Ann Coulter

My brothers and I always figured we'd have no inheritance, but there would be a lovely memorial to Oliver North somewhere.

Mother may have thought her most notable characteristic was her Republican activism, but, for the rest of us, it was her constant, unconditional love. She was a little love machine, spreading warmth and joy wherever she went.

Every time she'd see me, even after just a few days' absence, she'd hug me as if I had been lost in the Himalayan Mountains for the past 20 years.

On Mother's birthday last year, I had a dinner party for her with Rush Limbaugh, Conrad Black and my friends Peter and Angie.

Mother was always delighted to be with people talking about politics -- actually she told me that, lately, she was delighted to be around any conversations that didn't involve who had a doctor's appointment or who had died that day.

So I let her stay up until 3 a.m. that night, well past her bedtime. Mother was so happy that after I had her all tucked in and the lights out, I heard her singing herself to sleep.

Even on the rare occasions when I'd be cross with her, she'd completely forget about it, and within 10 seconds would be telling me what a wonderful, precious daughter I was. My brother Jimmy found out recently that she'd even forgotten that he had caused her to miss Reagan's first inauguration by getting in a car accident the night before we were leaving -- and she never should have forgotten that.

Everyone wanted my mother to be his mother. (The "his" in that sentence is grammatically correct and Mother would never let us forget it.) I'm sure everyone thinks he has the perfect mother, but we really did.

Since I was a little girl, friends, relatives and neighbors would bring their problems to Mother. She had a rare combination of being completely moral and completely nonjudgmental at the same time -- the exact opposite of liberals who have absolutely no morals and yet are ferociously judgmental.

You could tell Mother anything, get good counsel and not end up feeling worse about yourself.

Several of Mother's New Canaan friends sent us notes last week, calling her a "gentle lady" and remarking that she never had an unkind word for anyone.

As a family member, I can assure you that -- much to our annoyance -- she really did never have an unkind word for anyone. I mean, except Democrats, but not anyone she knew.

Whenever the rest of us would be making fun of someone -- trust me, always for good and sound reasons -- Mother would somehow manage to muster up a defense of the miscreant. Father would always smile and say, "Your mother defends everyone."

She was, in fact, such a "gentle lady" that I had to go to her doctors' appointments and hospital visits with her and be her Mother Lion. If officious hospital administrators had told Mother to get off a gurney, go outside in the pouring rain and stand on one foot for three hours before the doctor would see her, she'd thank them profusely and apologize for being such a bother.

She viewed her doctors' appointments as social visits, which is the other reason I'd have to go with her, to make sure we eventually got around to the business end of the appointment.

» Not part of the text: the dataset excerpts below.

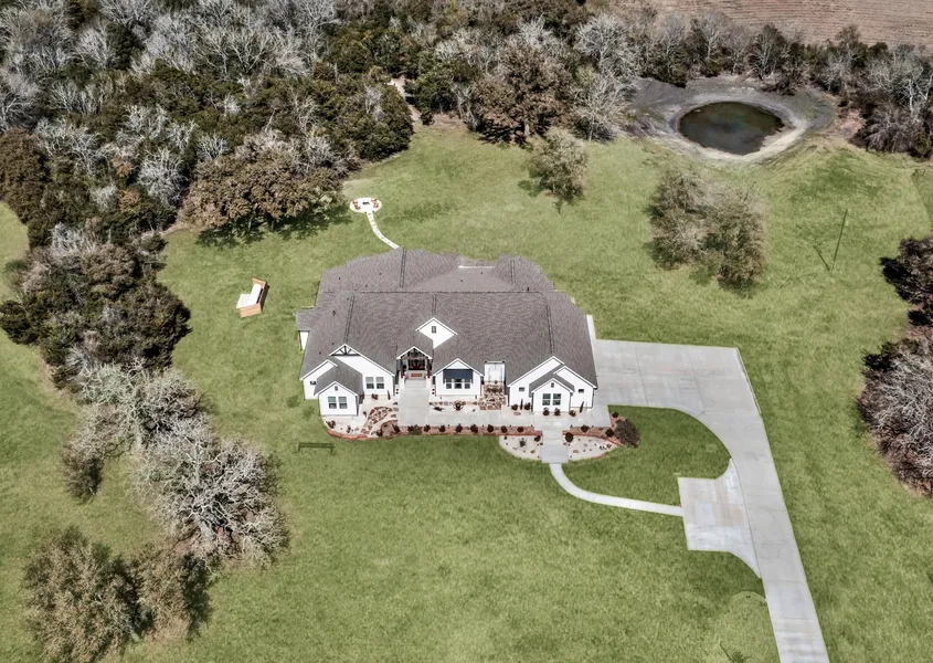 Travel past the gated entrance approximately 1/3 of a mile to discover the refined 1-story ranch home situated on 35-acres of prime Texas land. Custom built in 2023, this home and property are a rare opportunity for those seeking rural serenity. The main residence has beautifully designed interiors that include the latest in style and luxury. The moment you enter the grand front entry, you will understand that every detail has been carefully considered. Elegant craftsmanship is on display in the inlaid tile flooring, custom mill and stone work, and the thoughtfully designed floor plan. High ceilings, wood beams, and floor to ceiling windows add to the feeling of airiness. Stunning light fixtures throughout the home are delightful additions to the home's uniqueness and ranch chic flair.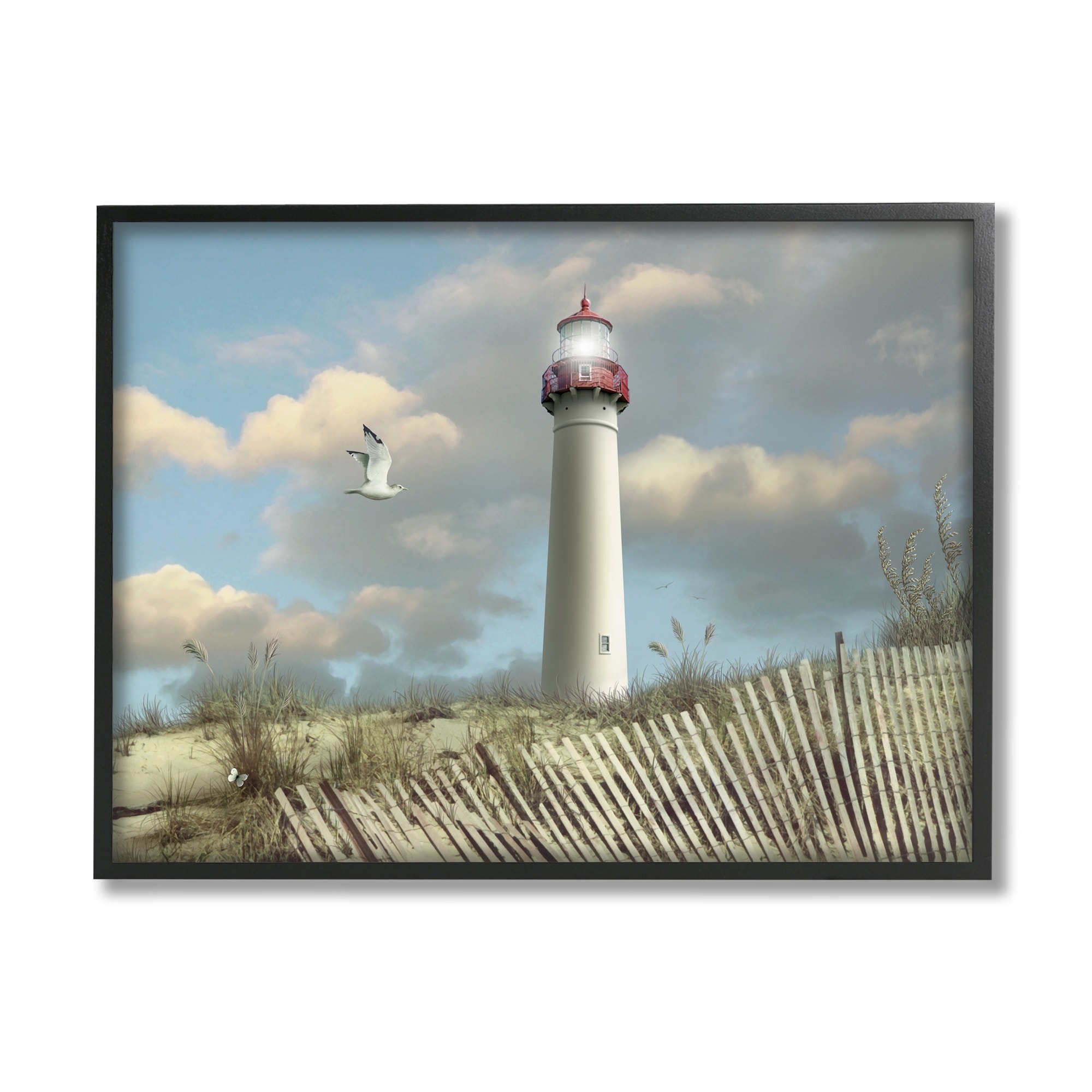 The Stupell Home Decor Cape May Sand Dune Fence Lighthouse Beach Scene with Seagull Framed Art, 11x14, Proudly Made in USA
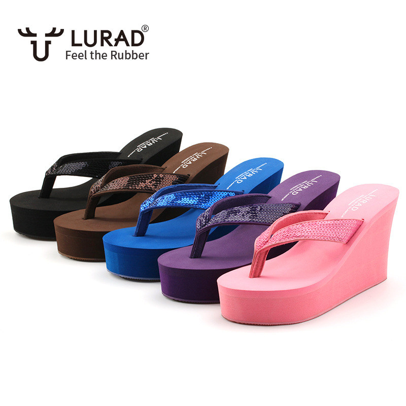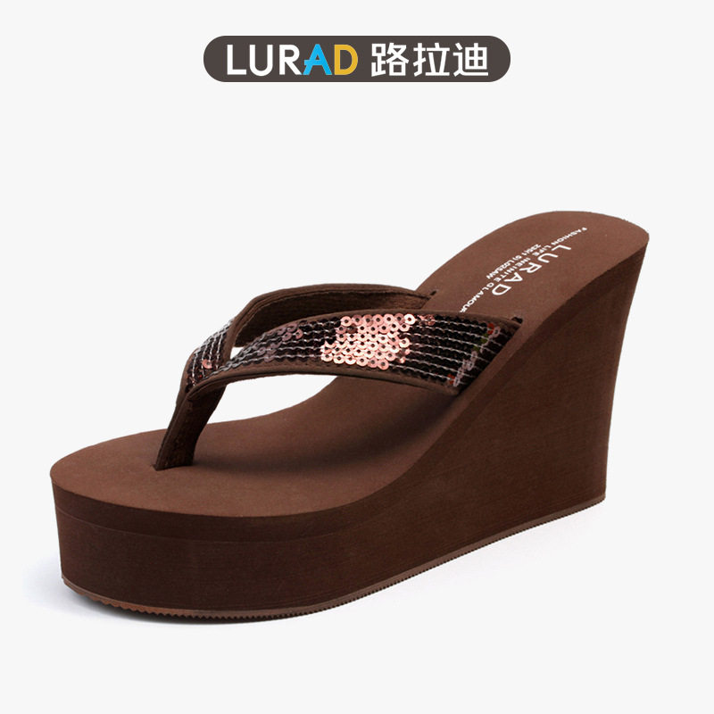 路拉迪亮片超高跟人字拖鞋女士夏季松糕坡跟厚底防滑沙滩凉拖鞋

When she began her final decline last fall, she had to go to her Connecticut doctor without me to find out what was wrong. This was the first time she didn't seem to be getting better after a chemo treatment.

So I had been worrying about her appointment all day, but when I called her that night, she immediately turned the subject to me and asked me how my book was going.

I insisted on knowing if she had seen the doctor and she perked up and brightly told me that, oh yes, she had seen him, he had all my books in his office, he was worried about Obama, too, and he has such beautiful children!

Before she launched into a spirited discussion of his children's extracurricular activities and triumphs on the athletic field, I had to ask her, "Mommy, did the doctor happen to say anything about why you're feeling lousy?"

It turned out, of course, that it was the ovarian cancer -- as well as the massive amounts of poison she had been receiving to kill the cancer over the past five years. That was the beginning of the end.

Now I'll never be able to introduce my Mother to friends and surprise them with her charming Southern accent.

And I'll never see my mother's beautiful face again, at least not for the next several decades here on Earth. I've been looking at her across the room in doctors' offices over the past few years, thinking to myself: There will come a point when you won't see that face again.

Her angelic face always looked like home to me. My whole life, as soon as I'd see my mother's face I'd know I was safe, whether I was a little girl lost in a department store or a big girl with a problem, who needed her mother.

Thanks to the doctors at Memorial Sloan-Kettering and mother's fighting Kentucky spirit, we got to see that face much longer than anyone ever expected.

So now she's with Daddy and Jesus. Every single day since Daddy died last year, Mother would say how much she missed him and gaze at his photo, telling us what an amazing man he was and repeating his little expressions and jokes. Even though I miss her, I'm glad they're together again.

I don't know about Jesus, but I think Daddy was getting impatient. But Mommy was always running a little bit late.